## Exercise goal
Your answer must be an exact transcription of every record below, with the pictures omitted.

## Working data
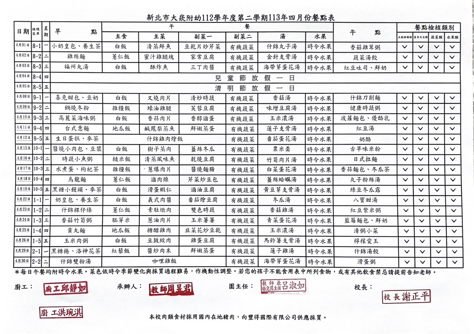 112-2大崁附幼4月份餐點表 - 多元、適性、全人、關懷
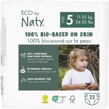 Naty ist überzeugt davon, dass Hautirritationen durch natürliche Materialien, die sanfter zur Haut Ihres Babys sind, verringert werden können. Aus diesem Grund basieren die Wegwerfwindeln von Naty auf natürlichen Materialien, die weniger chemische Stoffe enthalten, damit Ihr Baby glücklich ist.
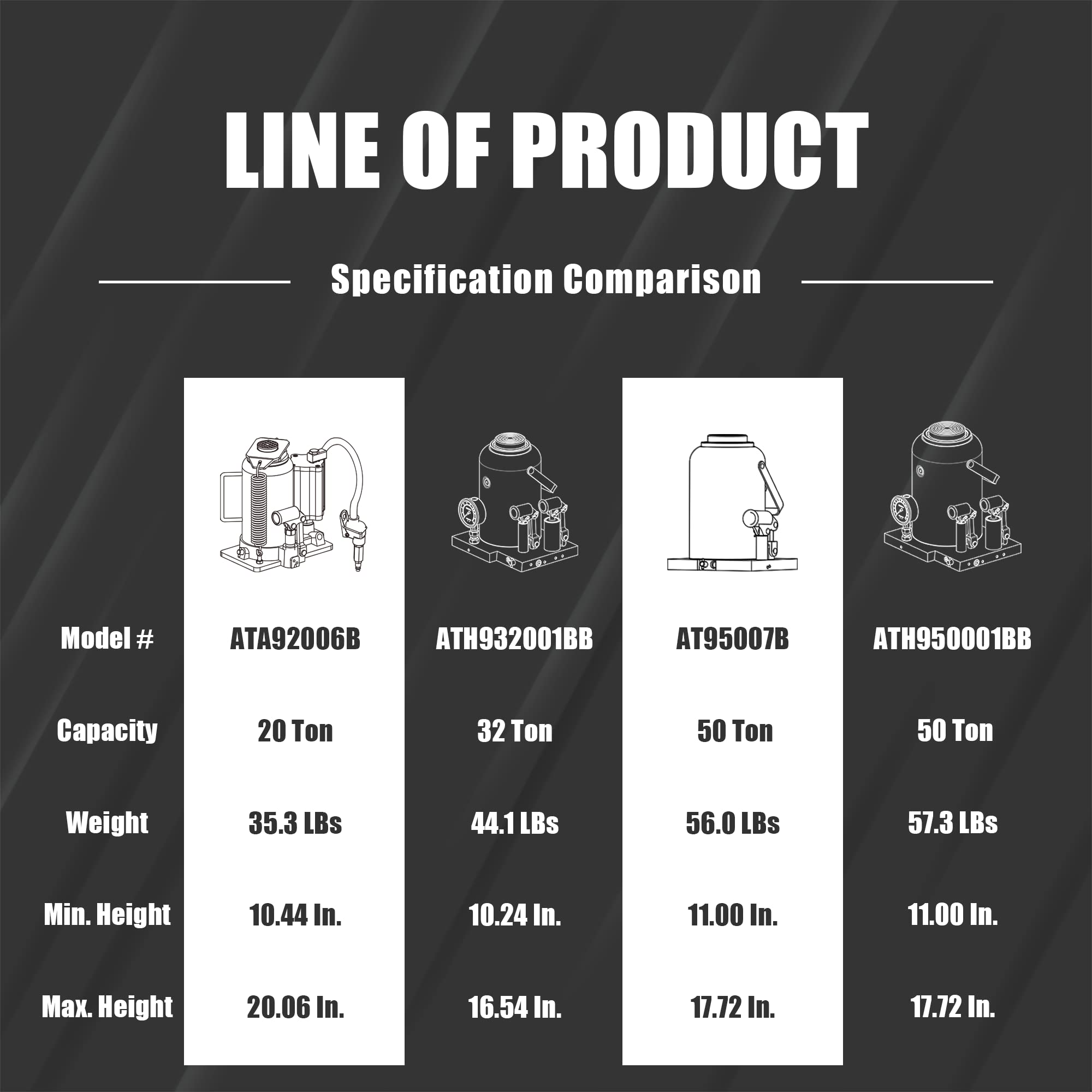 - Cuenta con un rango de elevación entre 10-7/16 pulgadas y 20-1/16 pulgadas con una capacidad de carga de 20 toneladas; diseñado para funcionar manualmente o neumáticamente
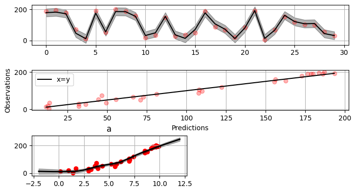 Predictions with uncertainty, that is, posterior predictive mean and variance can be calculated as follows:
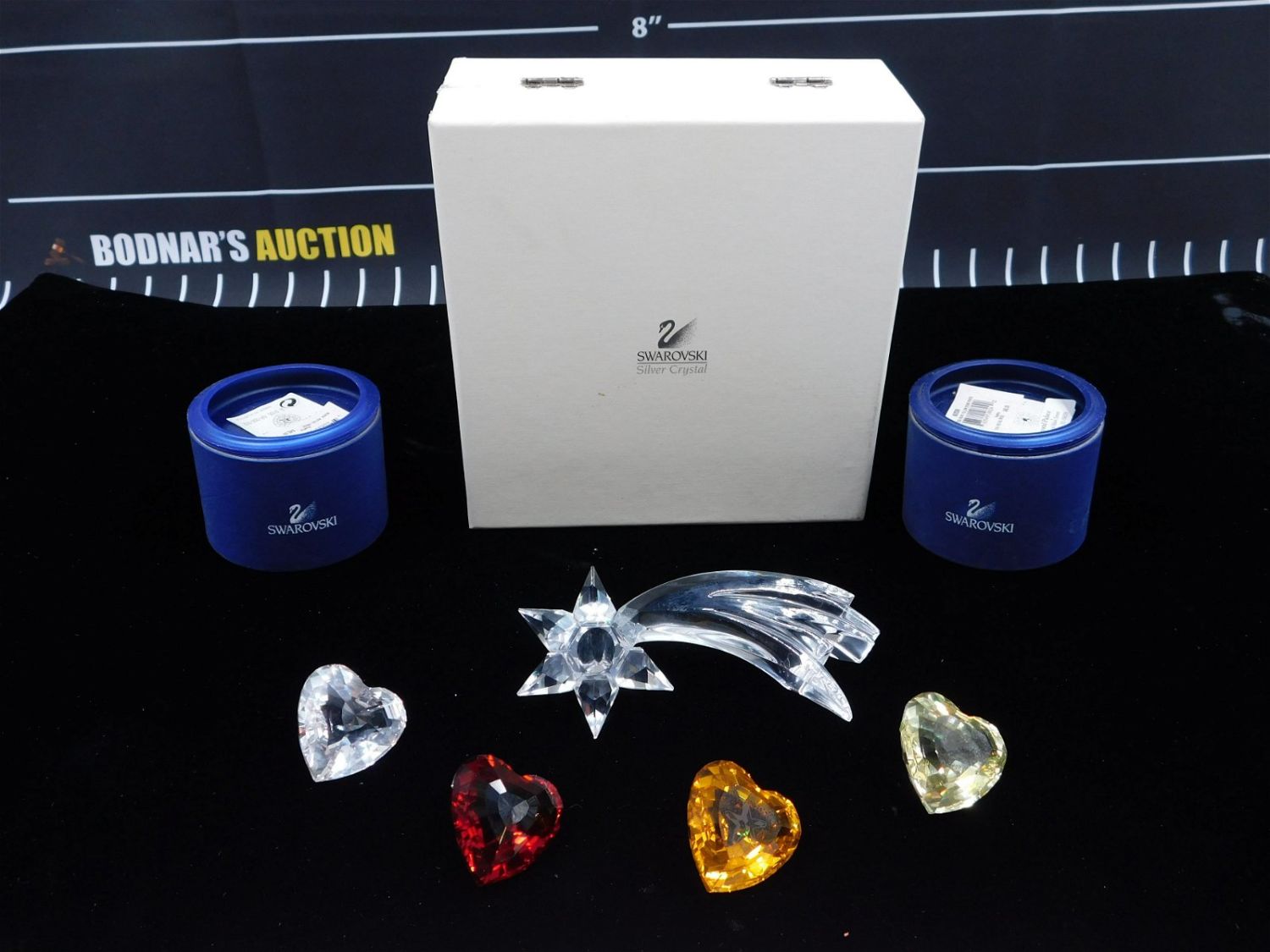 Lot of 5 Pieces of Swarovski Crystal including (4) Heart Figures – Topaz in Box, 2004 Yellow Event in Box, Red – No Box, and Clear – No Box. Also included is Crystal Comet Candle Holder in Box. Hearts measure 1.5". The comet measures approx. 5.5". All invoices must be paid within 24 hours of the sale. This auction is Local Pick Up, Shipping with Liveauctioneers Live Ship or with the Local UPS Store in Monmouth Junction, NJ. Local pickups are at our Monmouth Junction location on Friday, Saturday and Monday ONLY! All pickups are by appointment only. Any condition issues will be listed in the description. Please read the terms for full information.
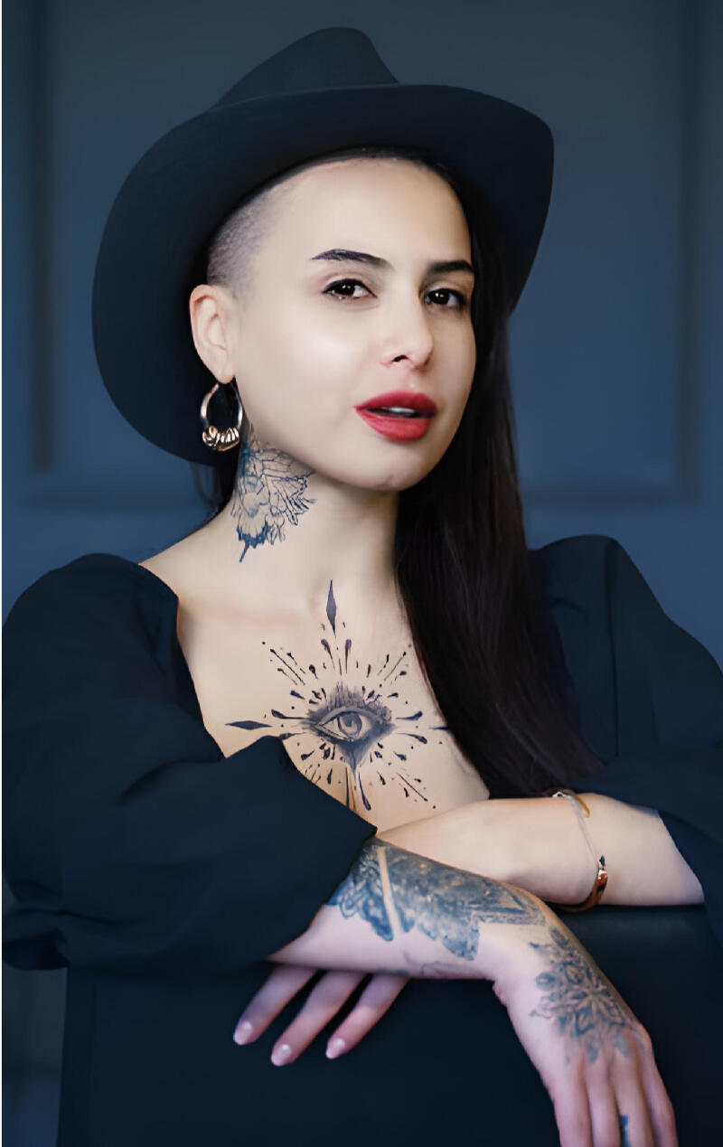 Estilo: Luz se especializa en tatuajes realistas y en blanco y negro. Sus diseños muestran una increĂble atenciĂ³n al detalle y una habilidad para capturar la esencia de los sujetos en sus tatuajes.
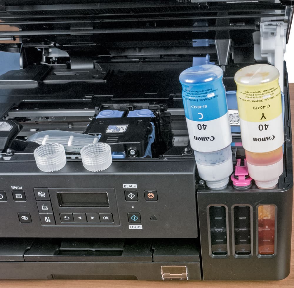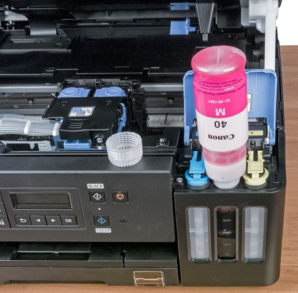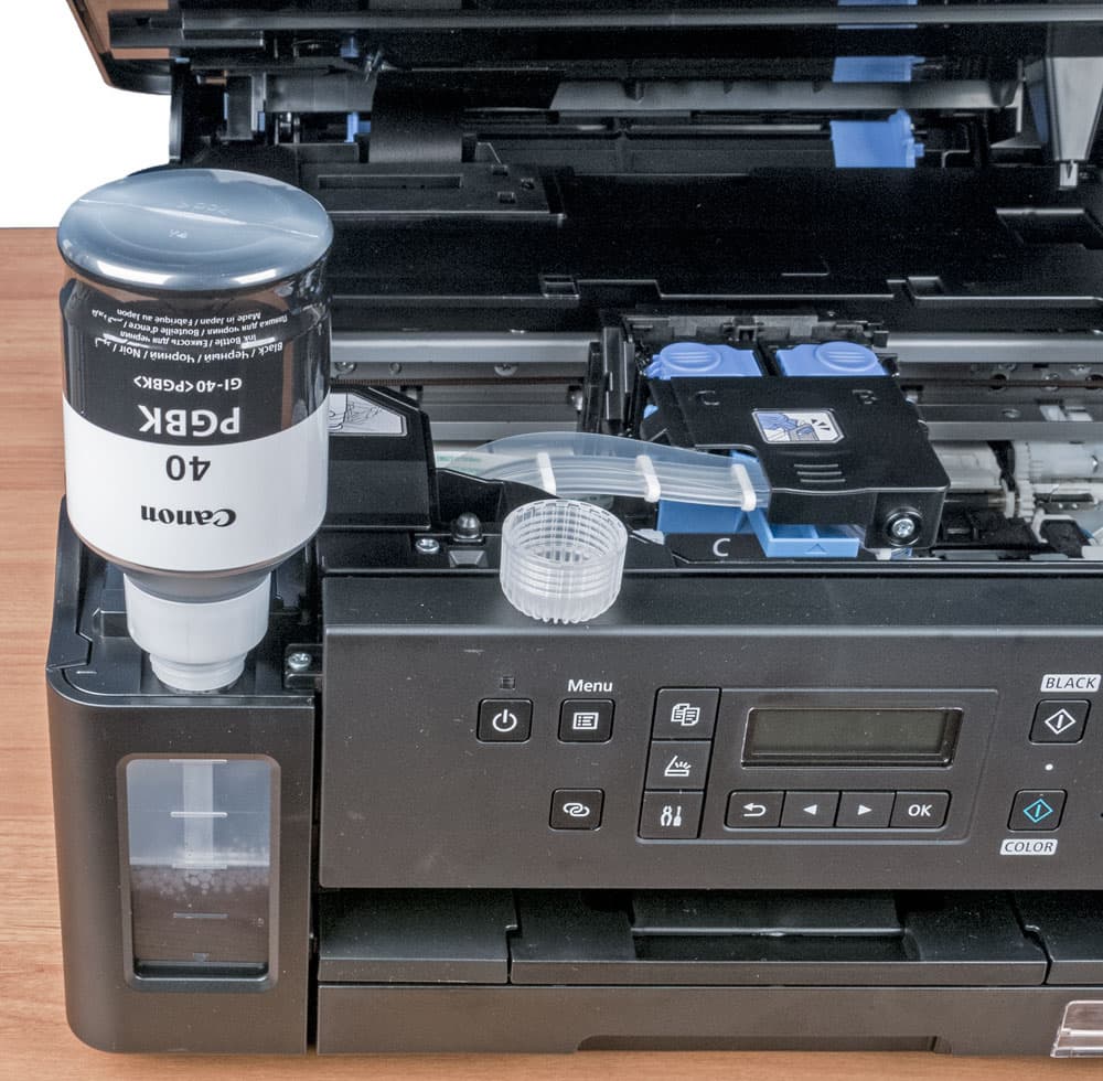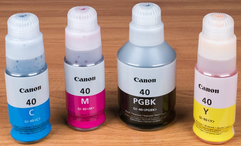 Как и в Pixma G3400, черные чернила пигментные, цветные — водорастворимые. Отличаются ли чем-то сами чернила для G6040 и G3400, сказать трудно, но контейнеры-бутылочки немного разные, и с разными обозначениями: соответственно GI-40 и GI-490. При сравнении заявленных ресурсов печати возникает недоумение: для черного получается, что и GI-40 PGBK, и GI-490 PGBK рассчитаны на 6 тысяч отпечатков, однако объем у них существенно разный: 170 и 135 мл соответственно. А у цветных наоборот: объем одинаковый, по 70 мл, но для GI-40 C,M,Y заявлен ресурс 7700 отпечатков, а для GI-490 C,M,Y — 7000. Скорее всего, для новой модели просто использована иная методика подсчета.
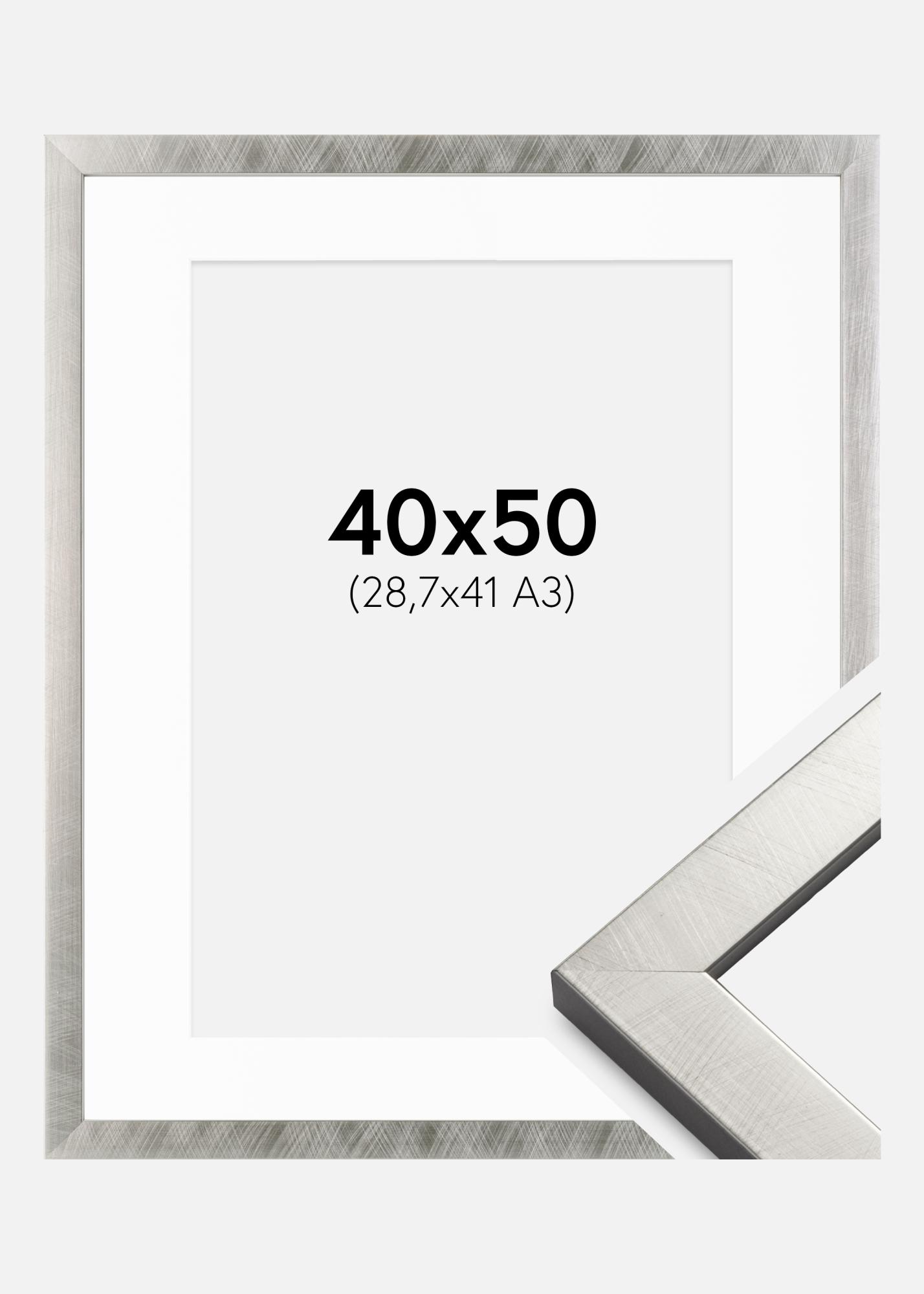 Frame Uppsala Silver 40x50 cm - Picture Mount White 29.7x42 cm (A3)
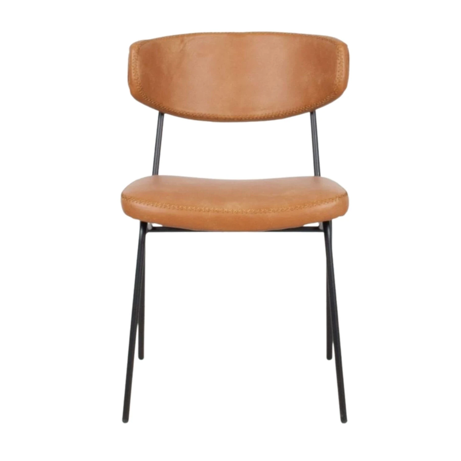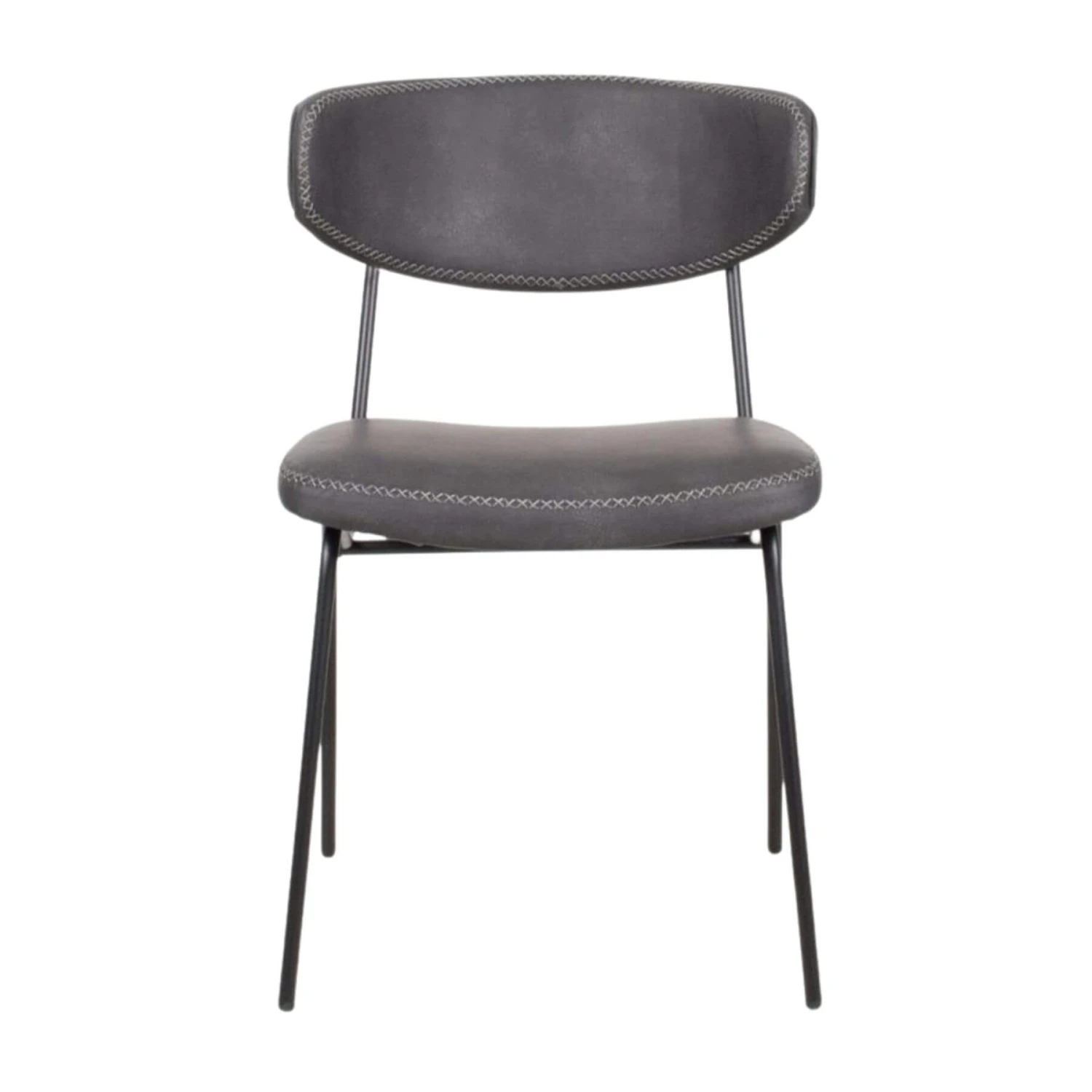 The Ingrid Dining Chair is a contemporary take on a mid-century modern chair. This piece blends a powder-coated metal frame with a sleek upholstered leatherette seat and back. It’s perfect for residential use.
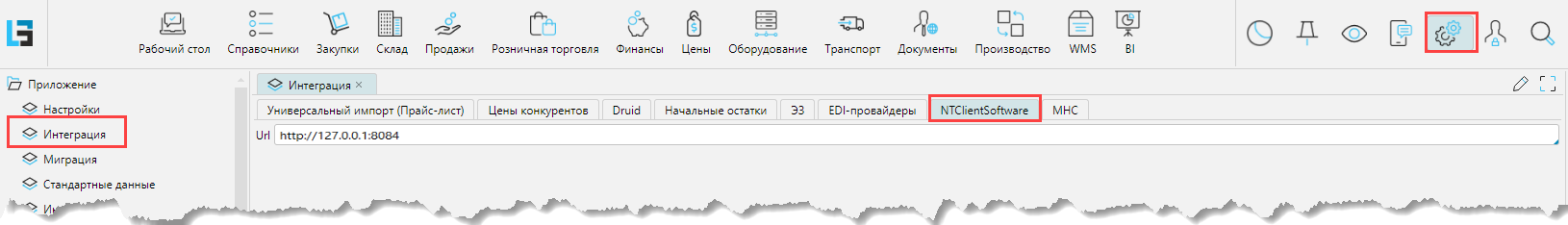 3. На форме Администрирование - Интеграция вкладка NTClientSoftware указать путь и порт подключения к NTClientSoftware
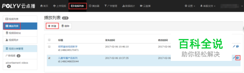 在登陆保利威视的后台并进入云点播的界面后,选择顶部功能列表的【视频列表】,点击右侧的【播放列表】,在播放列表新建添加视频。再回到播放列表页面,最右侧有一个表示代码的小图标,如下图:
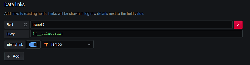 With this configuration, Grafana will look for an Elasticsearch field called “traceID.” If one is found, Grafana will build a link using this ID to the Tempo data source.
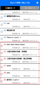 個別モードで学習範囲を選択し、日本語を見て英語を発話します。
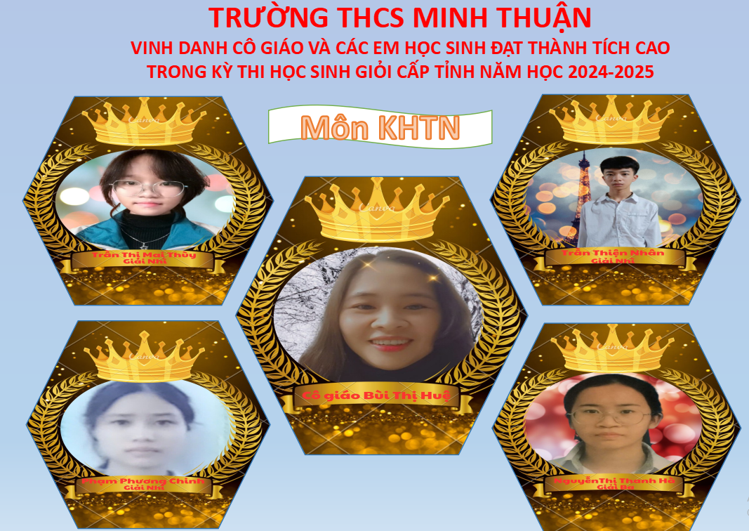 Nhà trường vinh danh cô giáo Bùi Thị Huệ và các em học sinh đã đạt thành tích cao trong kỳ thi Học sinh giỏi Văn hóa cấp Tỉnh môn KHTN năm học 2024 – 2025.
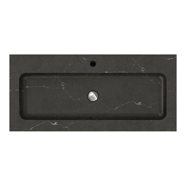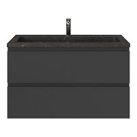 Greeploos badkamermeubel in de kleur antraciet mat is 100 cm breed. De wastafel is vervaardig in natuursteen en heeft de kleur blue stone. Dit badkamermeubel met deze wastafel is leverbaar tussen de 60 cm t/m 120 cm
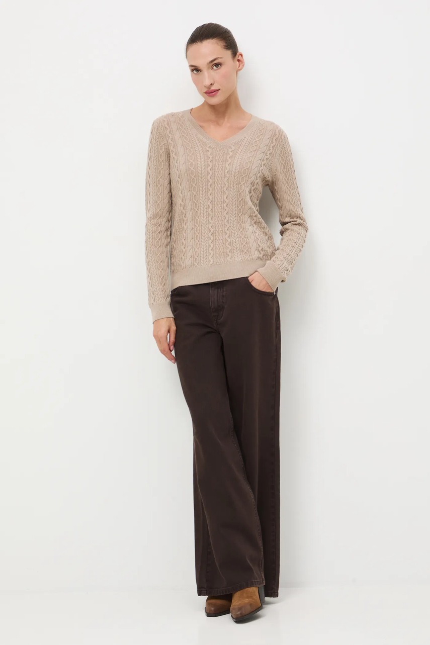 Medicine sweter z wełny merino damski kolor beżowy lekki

## Answer to the problem
 112-2大崁附幼4月份餐點表 - 多元、適性、全人、關懷
 Naty ist überzeugt davon, dass Hautirritationen durch natürliche Materialien, die sanfter zur Haut Ihres Babys sind, verringert werden können. Aus diesem Grund basieren die Wegwerfwindeln von Naty auf natürlichen Materialien, die weniger chemische Stoffe enthalten, damit Ihr Baby glücklich ist.
 - Cuenta con un rango de elevación entre 10-7/16 pulgadas y 20-1/16 pulgadas con una capacidad de carga de 20 toneladas; diseñado para funcionar manualmente o neumáticamente
 Predictions with uncertainty, that is, posterior predictive mean and variance can be calculated as follows:
 Lot of 5 Pieces of Swarovski Crystal including (4) Heart Figures – Topaz in Box, 2004 Yellow Event in Box, Red – No Box, and Clear – No Box. Also included is Crystal Comet Candle Holder in Box. Hearts measure 1.5". The comet measures approx. 5.5". All invoices must be paid within 24 hours of the sale. This auction is Local Pick Up, Shipping with Liveauctioneers Live Ship or with the Local UPS Store in Monmouth Junction, NJ. Local pickups are at our Monmouth Junction location on Friday, Saturday and Monday ONLY! All pickups are by appointment only. Any condition issues will be listed in the description. Please read the terms for full information.
 Estilo: Luz se especializa en tatuajes realistas y en blanco y negro. Sus diseños muestran una increĂble atenciĂ³n al detalle y una habilidad para capturar la esencia de los sujetos en sus tatuajes.
 Как и в Pixma G3400, черные чернила пигментные, цветные — водорастворимые. Отличаются ли чем-то сами чернила для G6040 и G3400, сказать трудно, но контейнеры-бутылочки немного разные, и с разными обозначениями: соответственно GI-40 и GI-490. При сравнении заявленных ресурсов печати возникает недоумение: для черного получается, что и GI-40 PGBK, и GI-490 PGBK рассчитаны на 6 тысяч отпечатков, однако объем у них существенно разный: 170 и 135 мл соответственно. А у цветных наоборот: объем одинаковый, по 70 мл, но для GI-40 C,M,Y заявлен ресурс 7700 отпечатков, а для GI-490 C,M,Y — 7000. Скорее всего, для новой модели просто использована иная методика подсчета.
 Frame Uppsala Silver 40x50 cm - Picture Mount White 29.7x42 cm (A3)
 The Ingrid Dining Chair is a contemporary take on a mid-century modern chair. This piece blends a powder-coated metal frame with a sleek upholstered leatherette seat and back. It’s perfect for residential use.
 3. На форме Администрирование - Интеграция вкладка NTClientSoftware указать путь и порт подключения к NTClientSoftware
 在登陆保利威视的后台并进入云点播的界面后,选择顶部功能列表的【视频列表】,点击右侧的【播放列表】,在播放列表新建添加视频。再回到播放列表页面,最右侧有一个表示代码的小图标,如下图:
 With this configuration, Grafana will look for an Elasticsearch field called “traceID.” If one is found, Grafana will build a link using this ID to the Tempo data source.
 個別モードで学習範囲を選択し、日本語を見て英語を発話します。
 Nhà trường vinh danh cô giáo Bùi Thị Huệ và các em học sinh đã đạt thành tích cao trong kỳ thi Học sinh giỏi Văn hóa cấp Tỉnh môn KHTN năm học 2024 – 2025.
 Greeploos badkamermeubel in de kleur antraciet mat is 100 cm breed. De wastafel is vervaardig in natuursteen en heeft de kleur blue stone. Dit badkamermeubel met deze wastafel is leverbaar tussen de 60 cm t/m 120 cm
 Medicine sweter z wełny merino damski kolor beżowy lekki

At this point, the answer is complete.